At 8 days, the animals exposed to 660 nm and 780 nm had high degrees of erythema and edema, and microscopically, vasodilatation was notorious. It is most likely that the great absorption of 660 nm and 780 nm by chromophores localized in the blood improved vasodilatation and vascular permeability at 8 days. In addition, during this experimental period, the blood vessel density was greater in the laser group than in the controls, suggesting that the vasodilatation induced by PBM facilitated vessel visualization, and consequently influenced the blood vessel count. However, after 14 days, both 660 nm and 780 nm wavelengths were considered efficacious in mitigating erythema and edema; at this period, most animals of the control group exhibited these inflammatory signs and the animals with PBM did not. At 660 nm, this effect was more pronounced, considering the severity scores adopted in the current study. The success of PBM in negatively modulating the inflammatory process of the mucosa has also been described by recent studies [20,21], mainly by decreasing the expression of pro-inflammatory factors in oral mucositis [4,22,23].
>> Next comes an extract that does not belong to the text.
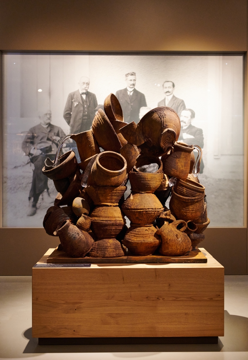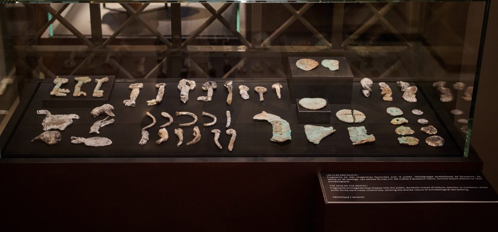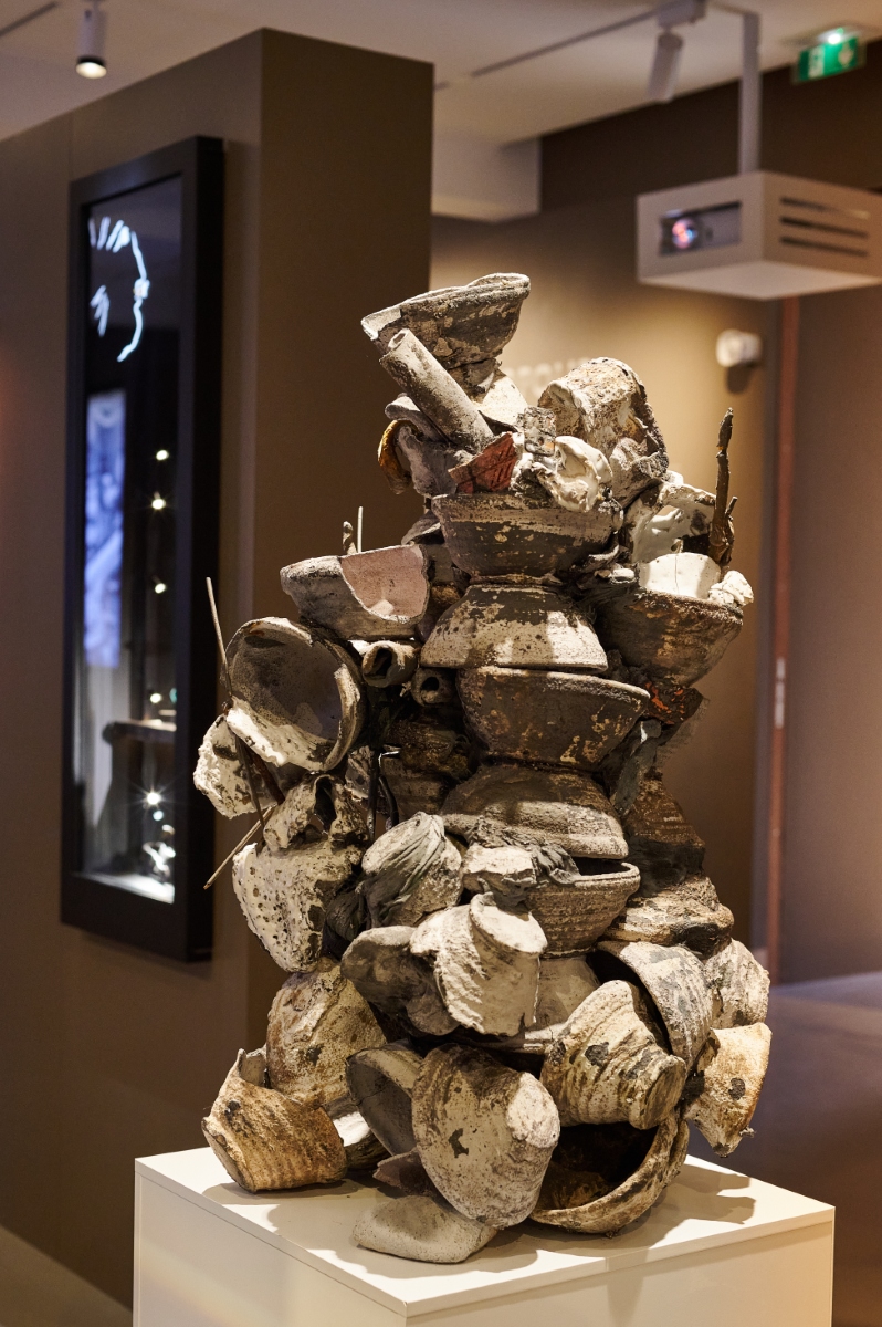 The exhibition is deliberately divided up between the main temporary exhibition room and the rest of the Museum, with here and there the installation of different monumental assemblages echoing those of the Museum, while throughout the different rooms small poetic proposals are set in showcases. Elsewhere, the artist places sculptures that cleverly take up the theme of the contents of the showcase, which he is only temporarily replacing. This is indeed his project, first to confound the gap of centuries and then to put the spectator before the obligation of a real commitment to his own perception, to decide where the value really lies. Is this carefully preserved and restored everyday pot from some two thousand years ago really more interesting, more culturally charged than this ceramic can that could be unearthed in the distant future?

Both laser groups showed a significant reduction in pseudomembrane formation, which occurred clearly at 14 days. This finding suggests that PBM reduced the necrotic ulcer surface and improved re-epithelization. Microscopically, the two wavelengths promoted efficient and comparable necrotic tissue absorption, supporting the clinical findings. Macrophages with the M1 phenotype are mainly responsible for necrotic tissue phagocytosis. There is some evidence that the effect of 660 nm on macrophages with this phenotype is different from that induced by near-infrared wavelengths; 660 nm induces more pro-inflammatory release by macrophages than 780 nm [24] and more nitric oxide than 808 nm [25]. Although we observed a similar efficiency in the reduction of tissue necrosis by the two wavelengths, it is important to consider different mechanisms of action determined by the red and near-infrared wavelengths in terms of macrophage activation and pseudomembrane absorption.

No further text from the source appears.